If we as teachers and educators can recognise these things, we can start to see the poor planning and decision making behind the things we are supposed to do. And we might even see that no matter what we do, we can be destined to continual failure, because our fundamental ideas come from a place full of mistakes, bias and inappropriate adaptations. I rarely thought about this in my early career, instead blaming myself for the failures in my classroom. Instead the reality was that I was being pressured into teaching content and using pedagogies that were never fully tested.
Maybe as teachers we need a mental dialogue that says something like “No, I am not taking the fall for your poorly planned and badly executed policy.” Next time we’re given a recipe to follow for chocolate pancakes and they fail, we should blame the person who wrote the recipe, not blame ourselves.
Maybe we should be saying that a whole lot more. I know for a fact that when I wrote policy and made teaching materials for a period of years, I just spat them out with a bit of polishing graphic art and logos that made them look much better than they actually were. They were crap, for two reasons. Firstly, I was never an expert in anything but teaching Grade 5 Social Studies, mostly because I had to teach it so many times. So when I needed to write policy for high school art, I never had much faith in my own skills. Secondly, there is never any time or money to get policy checked off by practicing teachers. For all of the years I worked in the departments of education in various jurisdictions, I realised that the “system” was just people like me, mostly working alone in a bewildering environment, pressured to turn out “output” with very little measurement of its quality.
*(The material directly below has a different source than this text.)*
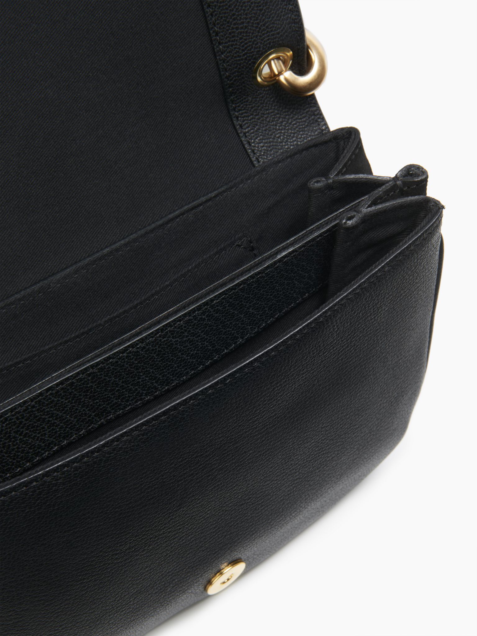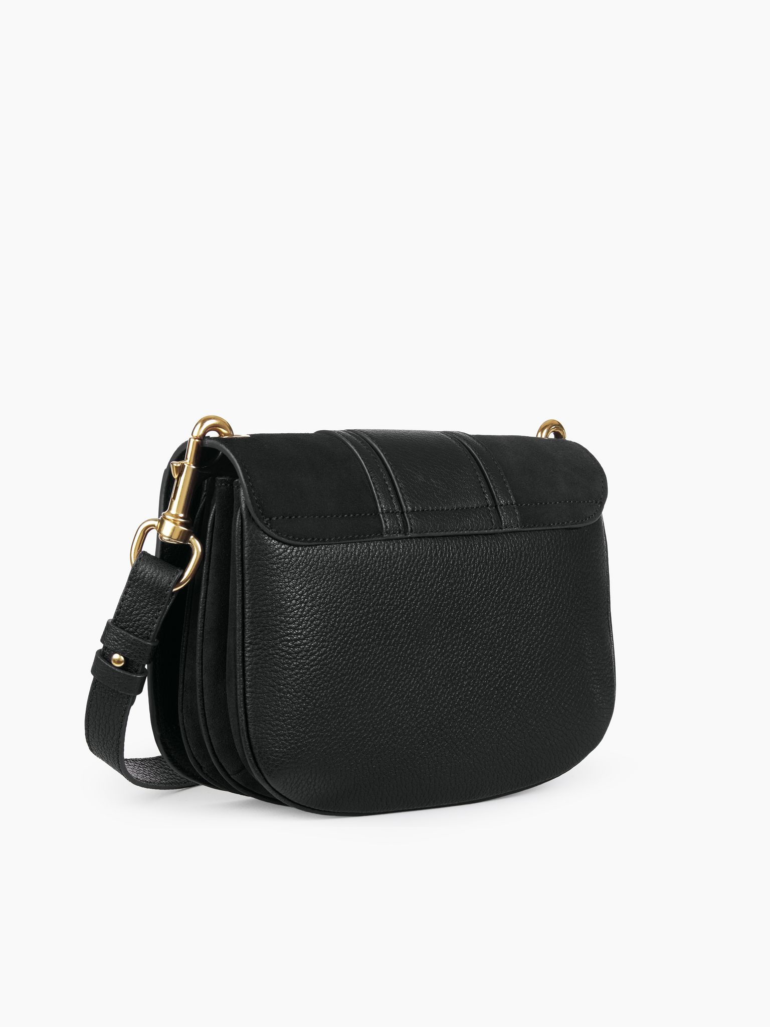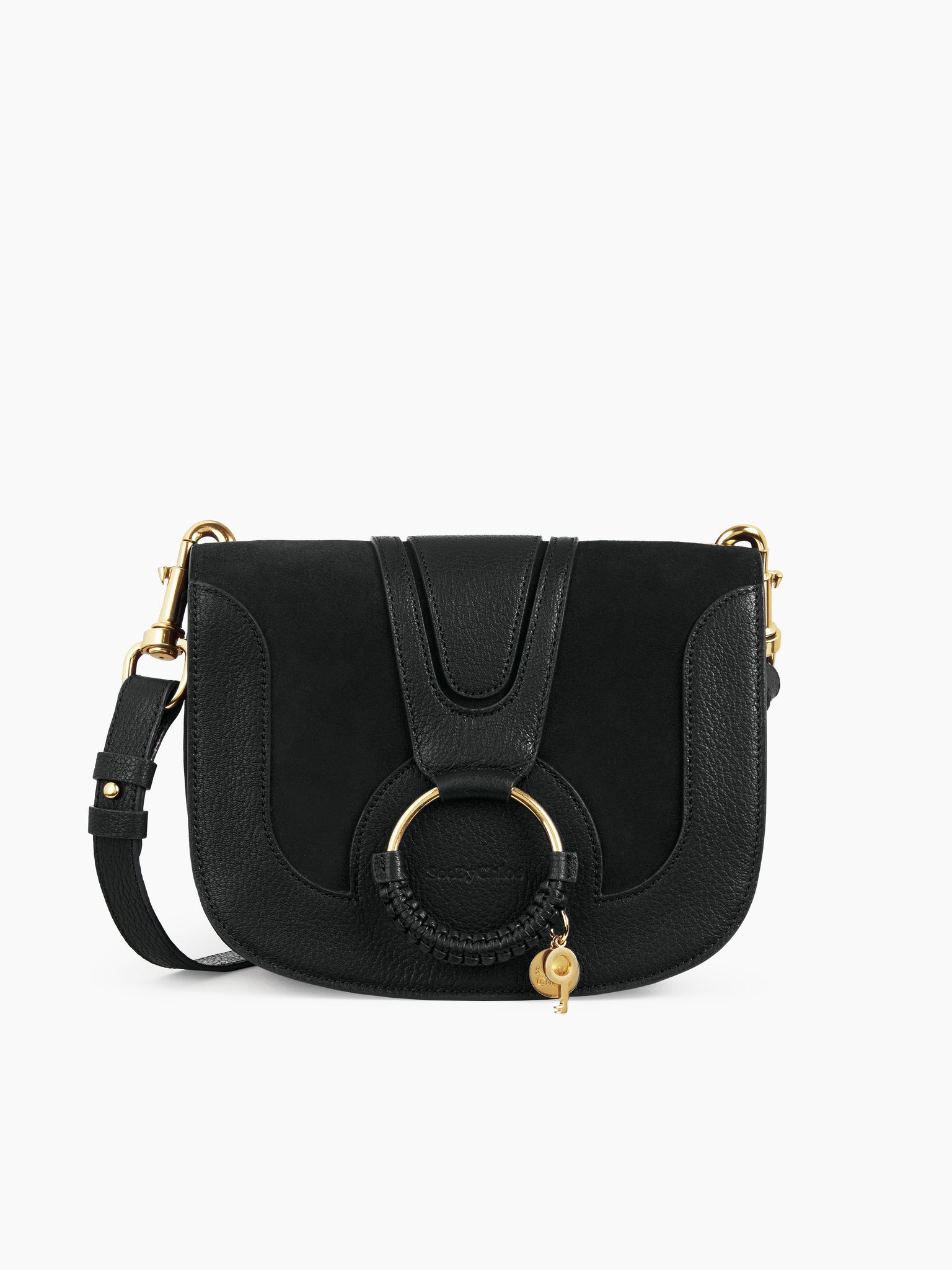 Sort skulderveske i kuskinn med semskede detaljer fra See By Chloé. Vesken kommer med en justerbar skulderreim og har en stor ring i front med flettet skinndetalj som kjennetegner merket. Gulldetaljer i messing.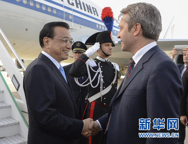 新華網(wǎng)快訊:國(guó)務(wù)院總理李克強(qiáng)當(dāng)?shù)貢r(shí)間14日下午抵達(dá)羅馬,開(kāi)始對(duì)意大利進(jìn)行正式訪(fǎng)問(wèn)。

I also know I promoted myself to a very high international panel for an art curriculum, without ever having any art training, experience or qualifications. I just wanted to one day get a nice art job, and being a member of that panel would look great on my resume (I think most other people on the panel were the same).
There’s probably a bit too much anarchy in this view, but if I look back to the teachers I most remember working with, I did respect those who analysed what I said, and did not just accept whatever came out of my mouth or what was loaded on my website. They did not want to fail, and they realised that their failures might actually be because of the decisions and actions of other people they never met. That sort of thinking sounds like it would come from a very intelligent teacher.